Ayıkla pirincin taşını

FUTBOLDA hedefine ulaşmak için öncelikle kararlı olacaksın. Dün bizim için kazanmaktan başka çare yoktu. Kazanırsak çok rahatlayıp, avantajlı konuma geçecektik. Üstelik bunun için de her şey hazırdı.

Dünya Kupası futbolun vitrini. Burada bir şey yapmak istiyorsan, önce kafaca hazır olacaksın. İnanacaksın ve bunun için de sonuna kadar savaşacaksın. Savaşmak dedik ya, aklımıza geldi. Ümit Davala yeni saç stiliyle savaşçılara benzemiş ama futbol savaşçılığını yitirmiş.

Biz, koskoca ilk yarı boyunca kazanmak için hiçbir şey yapmadık. Hedefe varmak için oyunun kontrolünün sende olması yetmez. Golü bulabilmek için pozisyon üretmek şart. Görünürde topu oynayan bizdik ama pozisyon üretimimiz yoktu. Bireysel savunma hataları da işin cabası...

İkinci yarıda biraz daha ileri gitmeye başlayıp golü düşününce, pozisyonlar da peş peşe geldi. Ve dünün muhteşem bücürü Emre'nin golüylede aradığımız avantajı yakaladık.

Asıl şaşırtıcı nokta; golü attıktan sonra moralman coşup daha iyi oynayacağımız yerde, gereksiz bir panik içine girmemizdi. Herhalde dünyanın hiç bir yerinde öne geçen takımın, böylesine anlamsız bir paniğe düştüğü görülmemiştir. Nitekim oyunu kendi alanımızda kabul edip, rakibe davetiye çıkarınca olanlar oldu.

ÖĞRENMEMİZ GEREK

Elimizdeki avantaj, avucumuzun içinden kayıverdi. Futbolun en basit kuralı topu kalenden uzak tutmaktır. Bunun için de meşin yuvarlağın sende kalmasını sağlamak ilk prensip olmalı. Ama deneyim fakiri futbolcularımız ve de bu görevi kendilerine bir gömlek fazla gelen kenar yönetimimiz bu gerçeği nedendir bilinmez, göz ardı etti. Nitekim panik içinde, ‘‘Gol yemeyelim’’ derken, bizi kahreden o top filelerimize gitti. Böylesine önemli turnuvalarda nasıl oynandığını öğrenmemiz gerek.

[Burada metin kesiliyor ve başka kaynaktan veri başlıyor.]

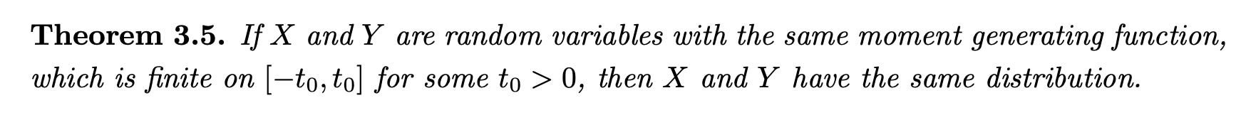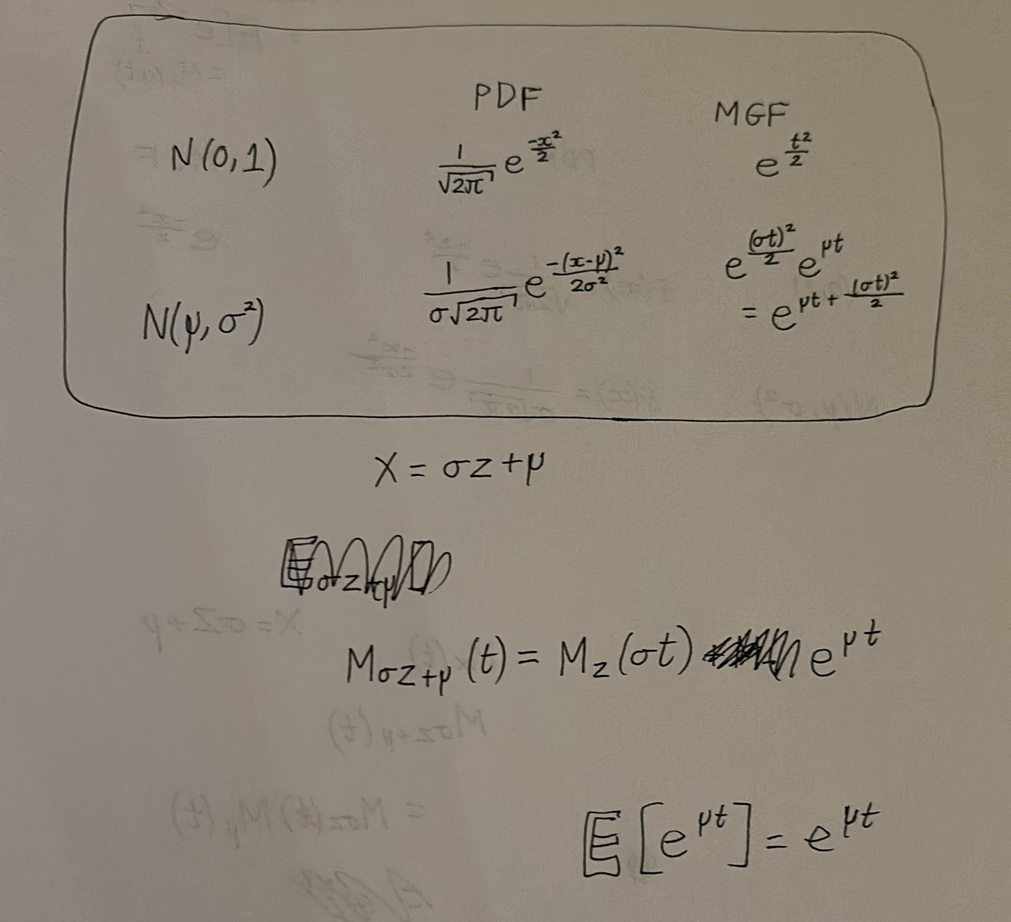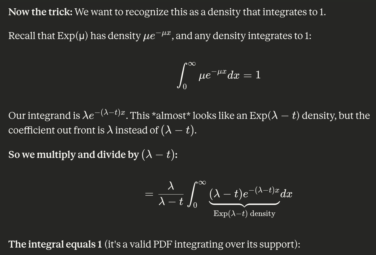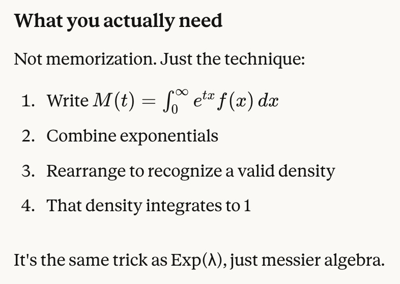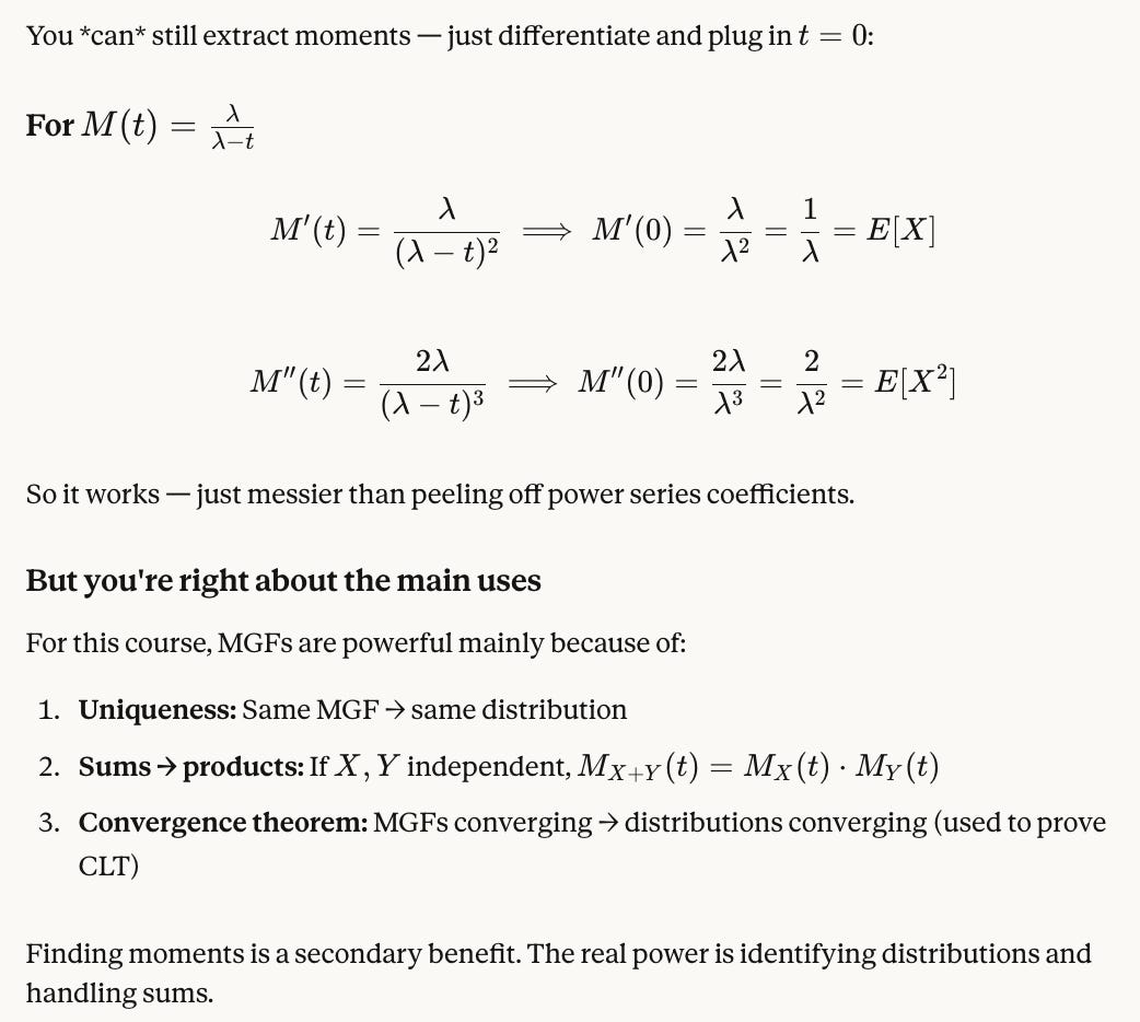 Wow! I learned how to derive MGF for Normal(μ, σ²), Gamma(r, λ), Exp(λ) (which also involved reviewing PDFs of these), + reviewed uniqueness and independence (sum variables → multiply MGFs). We don’t look at PGFs so much because that’s Prelims material.

Şimdi artık direksiyon bizim elimizden çıktı. Bundan sonra kazanmamız bile yetmeyebilir. Dün öyle bir gol yedik ki, tam ‘‘ayıkla pirincin taşını’’ dedirtecek biçimde. Artık hayıflanmanın hiçbir yararı yok. Dilerim bugüne kadar almadığımız dersi burada almışızdır. İşte tecrübe denen şey de bu olsa gerek.

Şunu da hemen söyleyelim, maç öncesi çok korkup güvenemediğimiz Benin'li hakem Codjia'nın da hiçte korktuğumuz gibi olmadığını gördük.